Tampak barang perabotan berserakan di salah satu rumah warga korban banjir di Desa Dudeulo. Foto: Findriani Mahmud
Japesda- Sudah sepekan sejak banjir bandang menerjang Desa Dudewulo dan Desa Telaga di Kecamatan Popayato, Kabupaten Pohuwato pada 7 april kemarin, kini warga masih kesulitan mengakses air bersih.
Banjir Bandang di Desa Dudewulo dan Telaga, merupakan banjir yang kali kedua menerjang wilayah tersebut. Sebelumnya pernah terjadi pada 2019 silam.
Menurut pengakuan warga, banjir bandang akibat dari aktivitas pertanian sawit milik perusahaan di wilayah hulu. Kemudian intensitas hujan tinggi menyebabkan daerah aliran sungai tidak mampu menampung volume air. Hasilnya air sungai meluap dan merendam dua desa hingga ketinggian satu meter lebih.
Banjir tahun ini menjadi yang paling besar dari banjir sebelumnya pada 2019. Menurut warga, sebelum ada aktivitas pertanian sawit oleh perusahaan tidak pernah ada kasus banjir hingga meluap ke pemukiman warga.
“Tahun lalu tidak sebesar ini. Lantara perusahan sawit, banjir ini,” celetuk Suwarni Tahir warga di Desa Dudewulo.
Akibat banjir, Suwarni yang juga pemilik kios perabotan mengalami kerugian hingga mencapai 20 juta lebih. Ia mengatakan bahwa banyak barang dagangannya hanyut terbawa arus banjir.
Kepala Desa Dudewulo, Sulpan Pakaya mengungkapkan, terdapat 400 lebih Kepala Keluarga (KK) dan 1.400 lebih jiwa terdampak, termasuk ada 370 rumah terendam banjir luapan sungai. Data yang diungkap Kepala Desa Dudewulo tidak termasuk data warga terdampak banjir Desa Telaga dan beberapa desa lainya.
“Ada 4 rumah rusak ringan karena dapur rumahnya hanyut dan ada 1 kios rusak parah,” sebut Sulpan.
Belajar dari banjir yang melanda desanya, Sulpan berharap agar pemerintah daerah dan pemerintah pusat dapat melakukan normalisasi atau pelebaran aliran sungai.
Menyikapi banjir bandang itu, Sri Dewi J, Biahimo, Sekretaris Jaring Advokasi Pengelolaan Sumberdaya Alam (JAPESDA) mengimbau Pemerintah Kabupaten Pohuwato dan Provinsi Gorontalo sesegera mungkin melakukan langkah-langkah mitigasi.
“Kami perkumpulan JAPESDA menyatakan empati kami terhadap korban bencana dan mendorong pemerintah untuk membuat kebijakan yang lestari,” kata Dewi.
Banjir terjadi akibat dampak dari perubahan lingkungan baik itu perubahan diakibatkan oleh alam maupun oleh manusia.
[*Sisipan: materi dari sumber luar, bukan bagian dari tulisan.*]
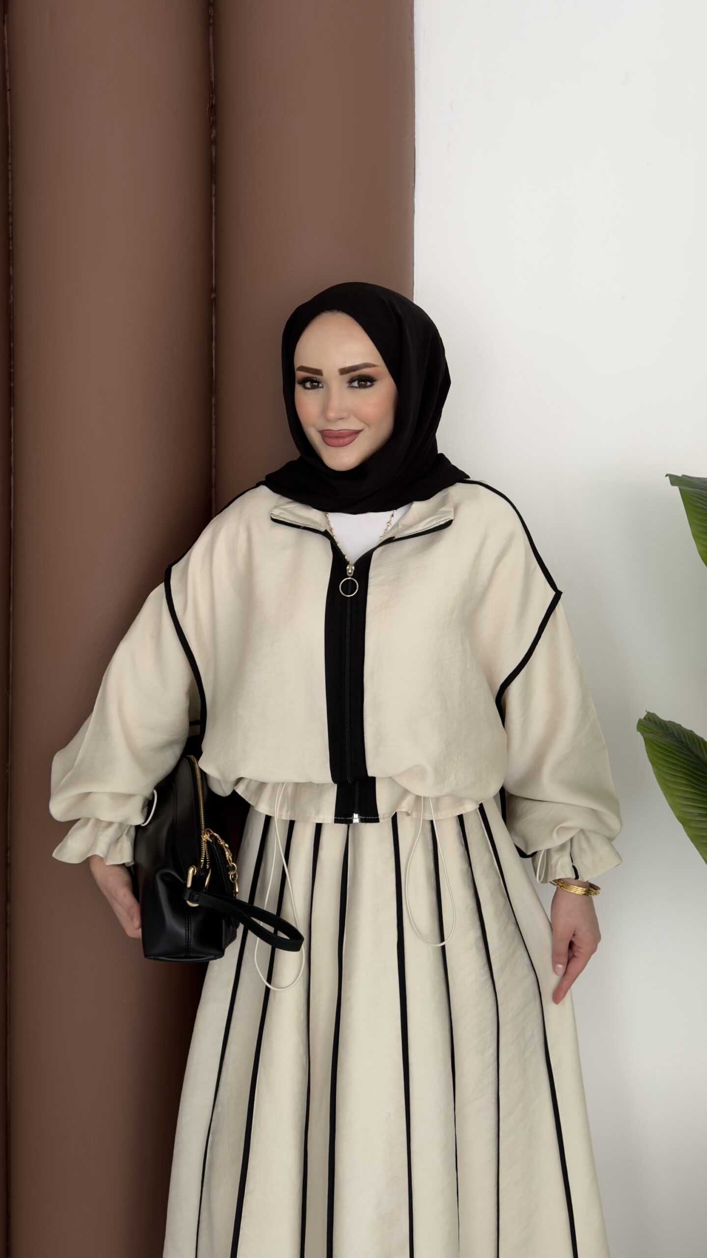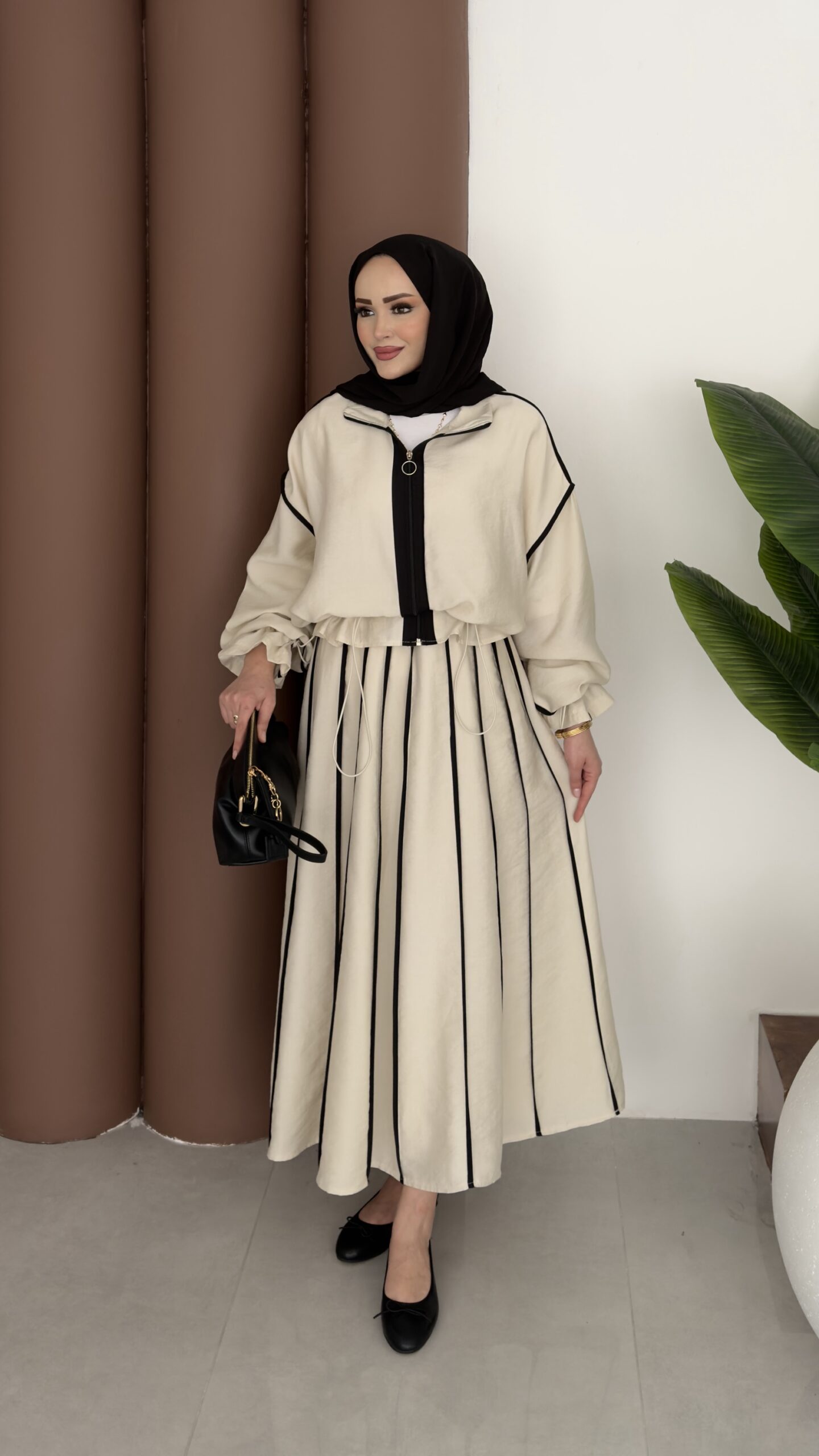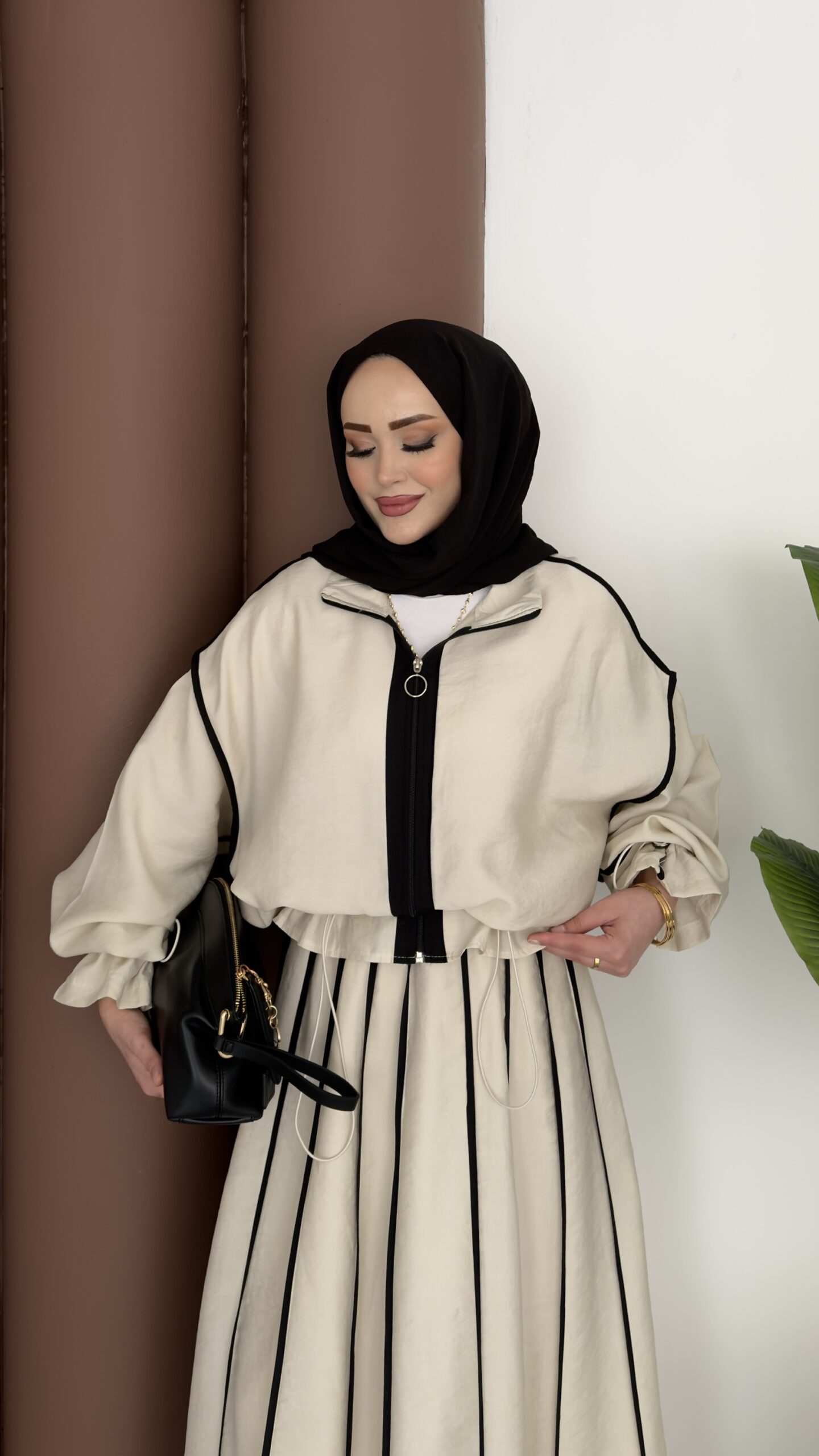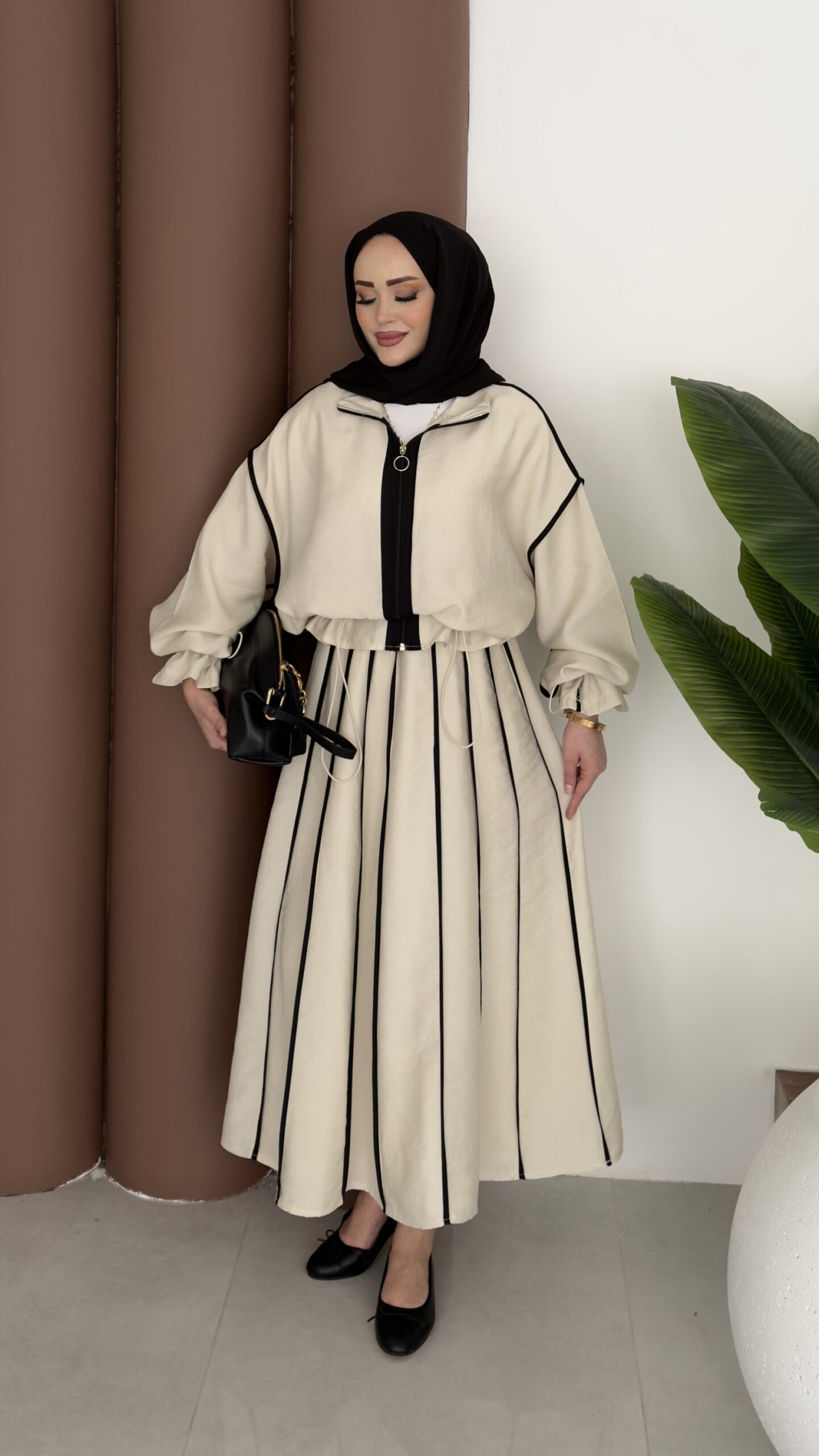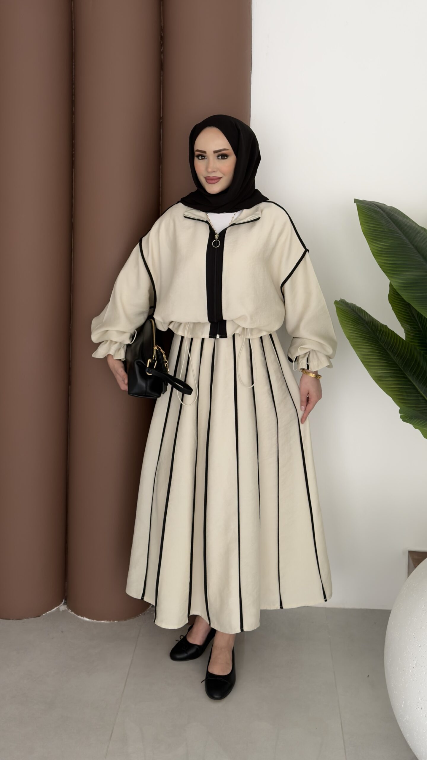 Muadil Biye Detaylı Etek İkili Takım – Bej

Dewi menjelaskan, pemerintah harus membuat kebijakan dan program yang berpihak pada lingkungan untuk mencegah banjir yang lebih parah di kemudian hari.
“Misalnya dengan memperkuat untuk melindungi daerah-daerah tangkapan sungai dan melakukan konservasi terhadap lahan-lahan tangkapan air hujan,” kata Dewi.
Apalagi di Gorontalo menurut Dewi, banyak aktivitas pertanian warga di lahan kemiringan, korporasi pertanian monokultur yang tidak ramah iklim serta pembukaan-pembukaan lahan hutan baru menjadi ancaman terhadap bencana-bencana yang akhirnya berdampak kepada warga.
“Pemerintah harus meminimalisir praktik pertanian tidak ramah lingkungan dan membatasi okupasi lahan hutan oleh perusahaan pertanian monokultur” tutup Dewi.